Глава 10

Подсобное помещение, примыкающее к гаражу виллы, раньше служило, вероятно, кладовой для садового инвентаря. Теперь же оно превратилось в святая святых оператора Степана — его мастерскую, или, как шутил Рогов, «операционную». Здесь пахло не пыльными граблями и сухими листьями, а машинным маслом, табаком, металлической стружкой и тем особым, техническим уютом, который умеют создавать вокруг себя русские механики в любой точке земного шара.

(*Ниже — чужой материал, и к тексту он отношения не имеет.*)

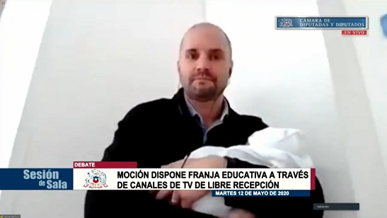 Diputado Bellolio apareció con su hijo recién nacido en sesión telemática: estaba en la clínica
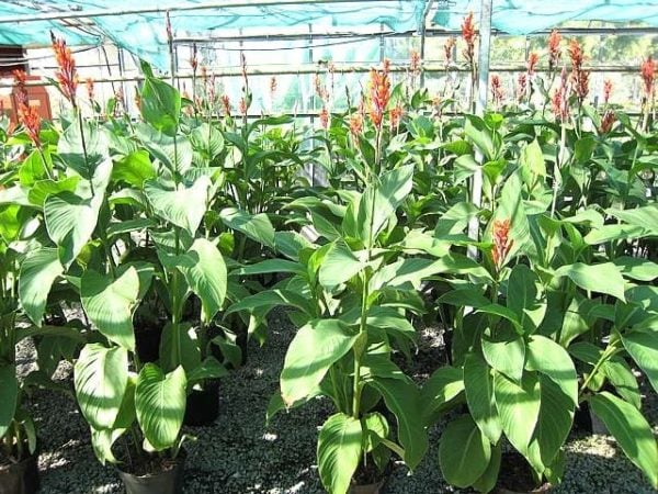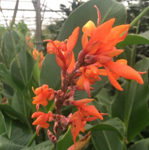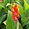 You want exotica? Here it is. Their cartoonishly-large oval leaves are sumptuously green and wrap strong upright stems which heave glorious panicles of flowers up and into your face. Some of the most vibrantly- orange flowers around, enhanced by occasional curling petals of apricot and yellow. These will be produced with enthusiasm but a fertile location is recommended.

На верстаке, освещенном мощной переносной лампой, лежала разобранная камера «Аррифлекс». Ее внутренности — шестеренки, пружинки, обтюратор — были разложены на чистой белой тряпице с хирургической аккуратностью. Степан, вооружившись пинцетом и часовой лупой, вставленной в глазницу, колдовал над механизмом затвора. Его огромные руки, привыкшие ворочать тяжелые штативы и рыть окопы, сейчас двигались с деликатностью ювелира.


Рядом, на высоком табурете, поджав под себя ногу, сидел Ганс. Мальчишка не шевелился, боясь даже дышать слишком громко, чтобы не сдуть какую-нибудь микроскопическую шайбу. Он смотрел на руки Степана как на чудо, как на руки фокусника, который вот-вот достанет кролика из шляпы.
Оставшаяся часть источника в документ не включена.